Trust the predictions only on inputs that resemble the training data, and read the importance chart as a description of model usage, not a causal claim.
:::{.callout-tip}
## Back to the host
Friday's prototype: ship the forest. It beats your hand-engineered linear model with no manual feature crosses, and it handles missing rooms, boroughs, and review counts without imputation choices that bias the answer. Set up drift monitoring on the inputs — a forest cannot extrapolate to new neighborhoods or new price regimes. And don't present the importance chart as causal: it tells the host *what the model used*, not *what raises a price*.
:::
## Key takeaways
- **Decision trees find splits automatically — no manual feature engineering.** The model examines every feature and every threshold, choosing greedy axis-aligned splits that minimize prediction error. The same algorithm — swap squared error for Gini impurity — handles classification.

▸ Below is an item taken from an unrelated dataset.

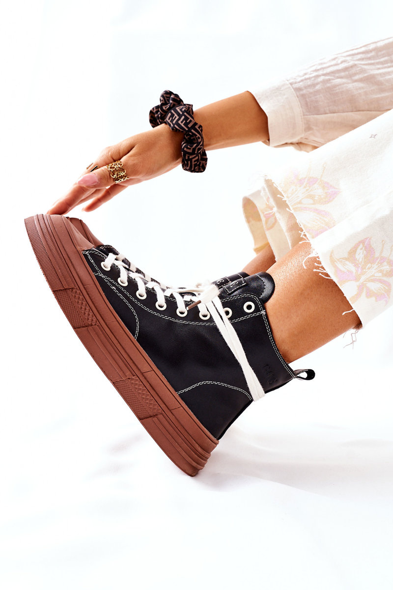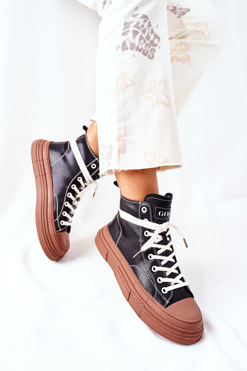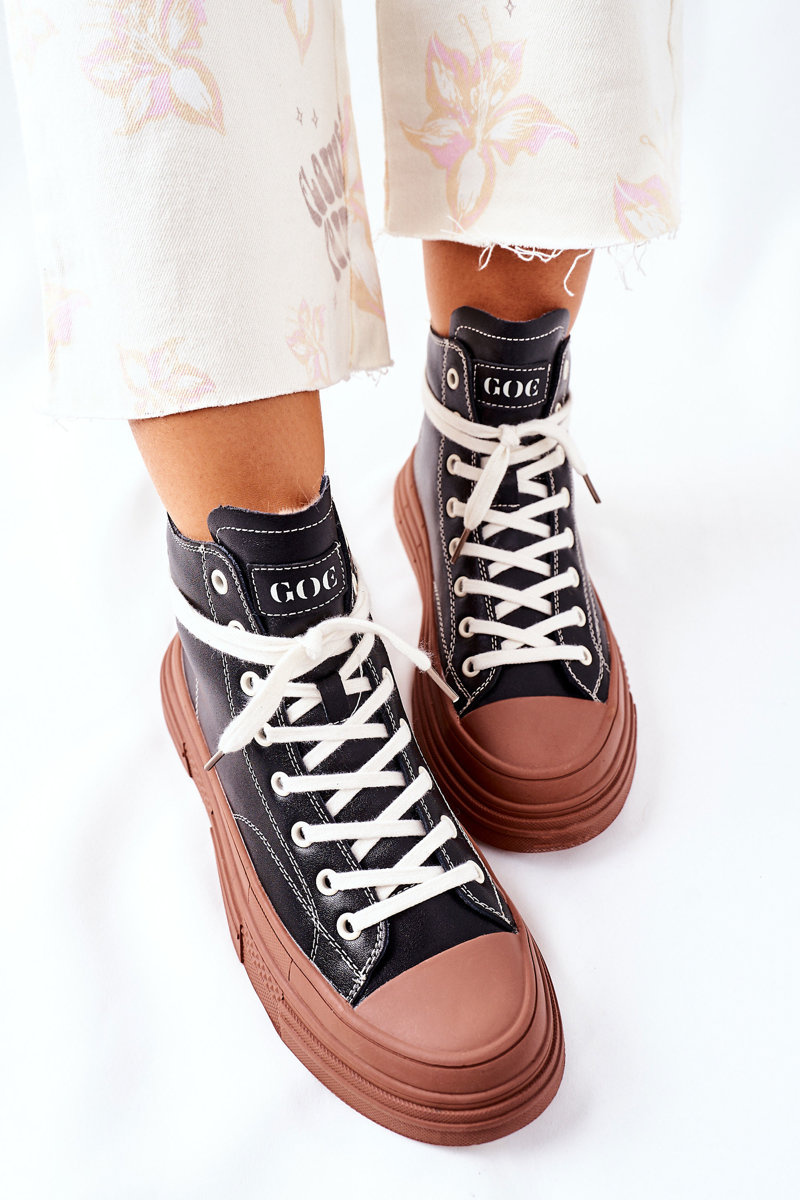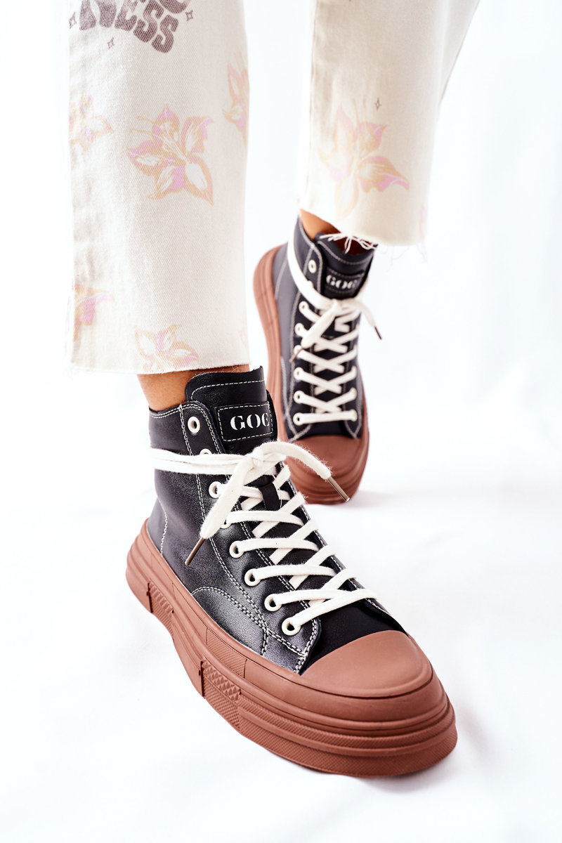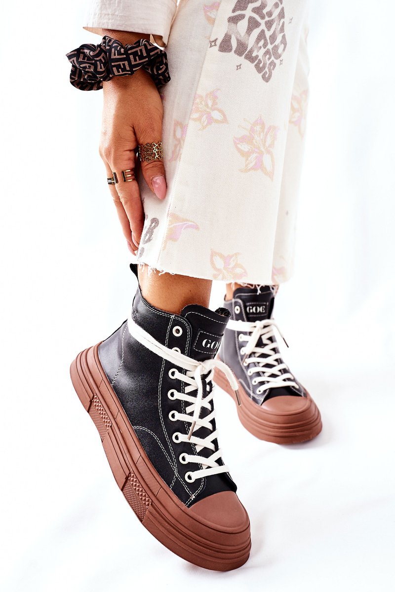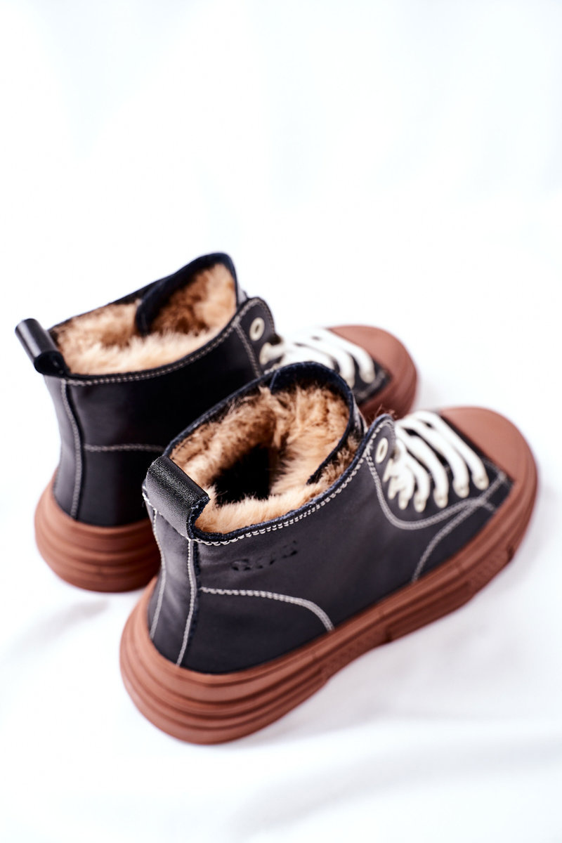 If you're looking for the perfect sneakers, GOE has something special! High sneakers, warmed inside with sheepskin, reaching down to the ankles. Classic lace-up model. The shoes have been entirely made of natural grain leather. Upper gently padded with thick, artificial fur. An additional advantage is a solid, anti-slip sole.

- **A single deep tree overfits.** With no depth limit, a tree memorizes the training data: training R² climbs toward 1.0 while test R² collapses.
- **Cross-validation picks the depth.** The same 5-fold CV recipe used for polynomial degree and lasso $\alpha$ — sweep candidate values, score each, take the best — selects tree depth too.
- **Random forests average overfit trees, and the average is stable.** Bagging plus feature subsampling decorrelates the trees, so averaging them reduces variance without raising bias. Adding more trees rarely hurts — no U-curve in `n_estimators`.
- **Trees vs. linear models is a geometry choice.** Linear models excel on smooth, monotone effects; trees excel on corners, thresholds, and interactions. Forests beat hand-crafted linear models on prediction, but pay for it in interpretability — and the feature importance chart is *descriptive*, not causal.
## Study guide
### Key ideas
- **Decision tree** — recursively partitions feature space by greedy if/then splits; predicts mean outcome (regression) or majority class (classification) per leaf.
- **Gini impurity** — classification splitting criterion $1 - \sum_k \hat p_k^2$ (binary: $2\hat p(1-\hat p)$); replaces squared error when the target is categorical.
- **Bagging** — train many models on bootstrap samples, average. Reduces variance without raising bias.
- **Feature subsampling** — restrict each split to a random subset of features. Decorrelates trees so averaging works harder.
- **Random forest** — bagged trees with feature subsampling. In expectation, more trees improves or matches performance — no U-curve in `n_estimators`.
- **Ensembles** — bagging (parallel, variance reduction) vs. boosting (sequential, bias reduction; Chapter 17).
- **Feature importance (MDI)** — mean decrease in impurity per feature, averaged across trees. Biased toward high-cardinality features; permutation importance is more robust.
- **Missing data in trees** — handled natively via learned routing (XGBoost, LightGBM, recent sklearn) or surrogate splits (CART).
- **Trees vs. logistic regression** — logistic gives interpretable coefficients; trees capture nonlinearities and interactions without feature engineering. Forests trade interpretability for strong default performance.
### Computational tools
- `DecisionTreeRegressor(max_depth=4).fit(X, y)` / `DecisionTreeClassifier(max_depth=5).fit(X, y)` — fits a tree with controlled depth.
- `RandomForestRegressor(n_estimators=100).fit(X, y)` / `RandomForestClassifier(...)` — fits a forest.
- `plot_tree(tree, feature_names=..., filled=True)` / `export_text(tree, ...)` — visualize/print tree rules.
- `rf.feature_importances_` — MDI scores.
- `confusion_matrix`, `roc_curve`, `roc_auc_score` — classifier evaluation (Chapter 7).
- `train_test_split(X, y, test_size=0.3)` and `cross_val_score(model, X, y, cv=5)` — for honest evaluation and depth selection.
### For the quiz
You are responsible for: how a decision tree splits, why deep trees overfit, how bagging and feature subsampling combine to form a random forest, why more trees rarely hurts, feature importance interpretation, how trees handle missing data, cross-validation for tree depth, Gini impurity, and the tradeoffs between trees and logistic regression.